**Task brief**.
Repeat exactly the lines of the material below that run from the "氷見市はシャッター商店街のよ" line to the "Luxury waterfront cottage." line, including both, and do not carry over any pictures.

**Dataset entries**.
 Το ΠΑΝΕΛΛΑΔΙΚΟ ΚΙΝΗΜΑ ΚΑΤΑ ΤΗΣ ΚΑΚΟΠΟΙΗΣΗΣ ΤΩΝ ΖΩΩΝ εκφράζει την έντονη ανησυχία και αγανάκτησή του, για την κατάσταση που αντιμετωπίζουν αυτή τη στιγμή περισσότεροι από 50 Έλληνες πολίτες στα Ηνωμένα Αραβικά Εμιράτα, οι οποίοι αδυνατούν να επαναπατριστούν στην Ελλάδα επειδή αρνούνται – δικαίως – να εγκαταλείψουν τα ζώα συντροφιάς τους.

* * *

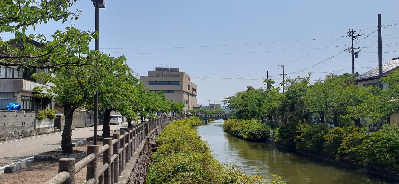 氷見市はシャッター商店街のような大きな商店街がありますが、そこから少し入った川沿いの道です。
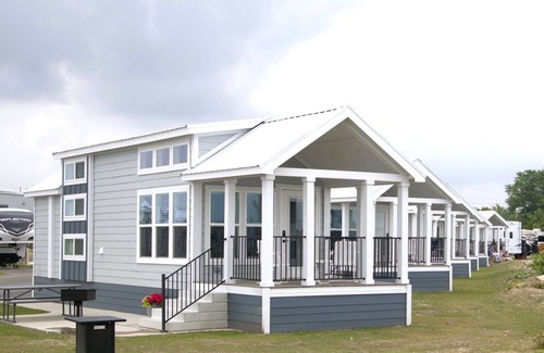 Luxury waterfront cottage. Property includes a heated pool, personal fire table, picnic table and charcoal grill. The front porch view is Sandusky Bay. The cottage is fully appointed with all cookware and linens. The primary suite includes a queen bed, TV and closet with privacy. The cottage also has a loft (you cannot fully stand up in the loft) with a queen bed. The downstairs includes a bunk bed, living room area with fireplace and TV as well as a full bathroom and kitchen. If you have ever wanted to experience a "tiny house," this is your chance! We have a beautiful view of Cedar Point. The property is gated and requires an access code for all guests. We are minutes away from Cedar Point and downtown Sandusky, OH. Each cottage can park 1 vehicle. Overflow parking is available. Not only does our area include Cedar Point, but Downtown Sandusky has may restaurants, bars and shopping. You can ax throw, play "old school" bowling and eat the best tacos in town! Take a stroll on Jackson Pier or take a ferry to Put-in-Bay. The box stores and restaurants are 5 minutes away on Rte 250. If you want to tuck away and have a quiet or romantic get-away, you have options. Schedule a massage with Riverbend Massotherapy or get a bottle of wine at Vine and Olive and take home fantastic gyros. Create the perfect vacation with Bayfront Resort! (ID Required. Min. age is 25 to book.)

**Response**.
 氷見市はシャッター商店街のような大きな商店街がありますが、そこから少し入った川沿いの道です。
 Luxury waterfront cottage. Property includes a heated pool, personal fire table, picnic table and charcoal grill. The front porch view is Sandusky Bay. The cottage is fully appointed with all cookware and linens. The primary suite includes a queen bed, TV and closet with privacy. The cottage also has a loft (you cannot fully stand up in the loft) with a queen bed. The downstairs includes a bunk bed, living room area with fireplace and TV as well as a full bathroom and kitchen. If you have ever wanted to experience a "tiny house," this is your chance! We have a beautiful view of Cedar Point. The property is gated and requires an access code for all guests. We are minutes away from Cedar Point and downtown Sandusky, OH. Each cottage can park 1 vehicle. Overflow parking is available. Not only does our area include Cedar Point, but Downtown Sandusky has may restaurants, bars and shopping. You can ax throw, play "old school" bowling and eat the best tacos in town! Take a stroll on Jackson Pier or take a ferry to Put-in-Bay. The box stores and restaurants are 5 minutes away on Rte 250. If you want to tuck away and have a quiet or romantic get-away, you have options. Schedule a massage with Riverbend Massotherapy or get a bottle of wine at Vine and Olive and take home fantastic gyros. Create the perfect vacation with Bayfront Resort! (ID Required. Min. age is 25 to book.)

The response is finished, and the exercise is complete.